— Принесите кто-нибудь одеяло! — крикнул рядом с ней офицер Гарды.
Когда они накинули на нее одеяло, она увидела, что через сине-желтую толпу к ней пробирается Кормак. Лицо у него было изможденное и напряженное. Он открыл рот при виде крови на ней.
— Не моя, — сказала она. — Это не моя кровь. — Она посмотрела на свои руки и припала к нему, неожиданно ощутив такую усталость, что едва могла стоять. Она почувствовала, как его грудь сжалась, и он глубоко и облегченно вздохнул и крепко прижал ее к себе. — Ах, Кормак, я никак не ожидала, что такое случится.

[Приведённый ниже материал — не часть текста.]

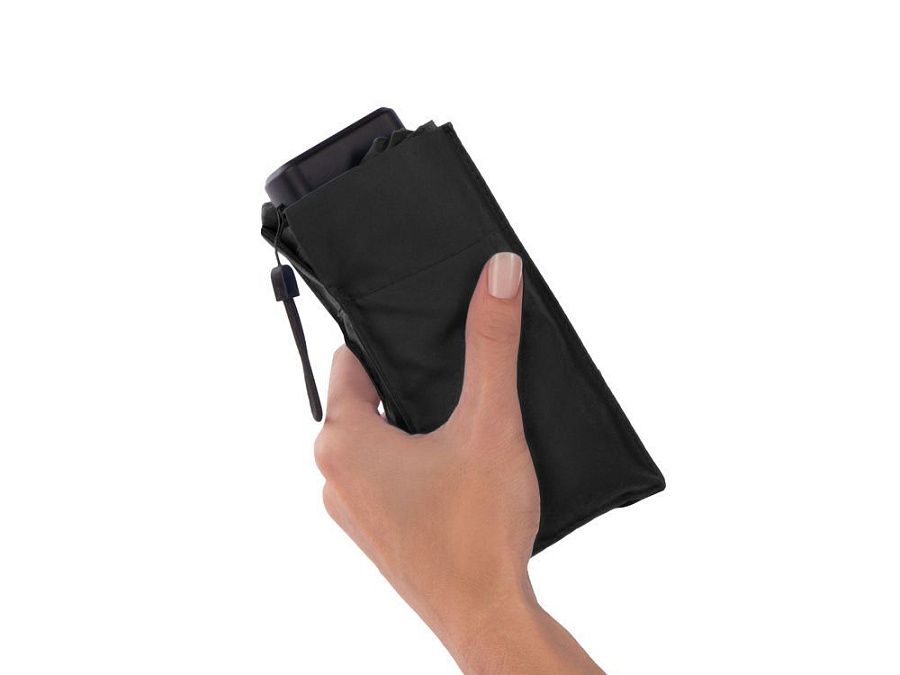 Легкий компактный зонт must have в каждой сумке! Длина в сложенном виде всего 15 см. На ручке из мягкого пластика есть эластичный шнурок для подвешивания при хранении.
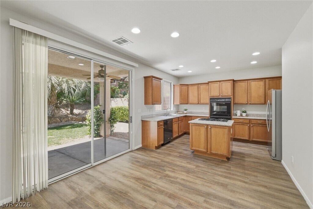 A Fabulous home located in the gated Solano community of Summerlin West. This 2 story residence features fresh interior paint and solid-surface flooring throughout the downstairs. A charming from porch welcomes you into the home, while the full covered patio offers the perfect shady retreat overlooking the lushly landscaped backyard. The kitchen is designed for both function and style, featuring a center island, granite countertops, double ovens, stainless steel appliances, a pantry, and an open layout to the family room with a cozy fireplace, creating the perfect open-concept living space. Upstairs, the spacious primary suite offers a separate tub and shower, dual sinks and a walk-in closet. The separate laundry room is conveniently located upstairs as well. MLS ID 2774658

— Ш-ш-ш. Теперь успокойся. Успокойся.
Они стояли посреди широких мостков, а полиция и медицинский персонал скорой помощи крутились вокруг них постоянной мельницей, спеша с носилками, одеялами и спасательным оборудованием.
— Не отпускай меня, — прошептала Нора. — Пожалуйста, не отпускай.
Несколькими минутами позже санитары скорой помощи унесли на носилках Брону, но лицо ее было не покрыто. Шедший следом детектив Уард остановился, чтобы поговорить с ними.
— Она потеряла довольно много крови, но она жива, — сказал он. — Думаю, вы спасли ей жизнь, доктор Гейвин.
Нора хотела сказать ему, что все произошло вовсе не так — что это Брона спасла ее и чуть не принесла ради этого себя в жертву. Она потом ему расскажет. Уард повернулся, чтобы уйти, и Нора схватила его за рукав.
— Подождите… а что это был за взрыв? Кто-нибудь знает? Чарли сказал, что его дома больше нет.
— Это был дом Брейзилов. Похоже на взрыв газа. Больше я ничего не знаю, доктор Гейвин.
— А что произошло с Куиллом? Он признался в убийстве Урсулы и Рейчел, и я видела своими глазами, как он убил Доминика Брейзила.
— Да, мы все это знаем, доктор Гейвин. Мы знаем.
— Тогда что произошло с ним? Мы боролись, и он упал в воду. Он не ускользнул?
Глаза Уарда сузились.
— Вы на самом деле не знаете? — Она покачала головой.
Он положил ей руку на плечо и подвел ее к концу мостков. Сильный бриз обдувал озеро, поднимая рябь на воде. — Это озеро вероломно, как зыбучий песок. От борьбы становится только хуже.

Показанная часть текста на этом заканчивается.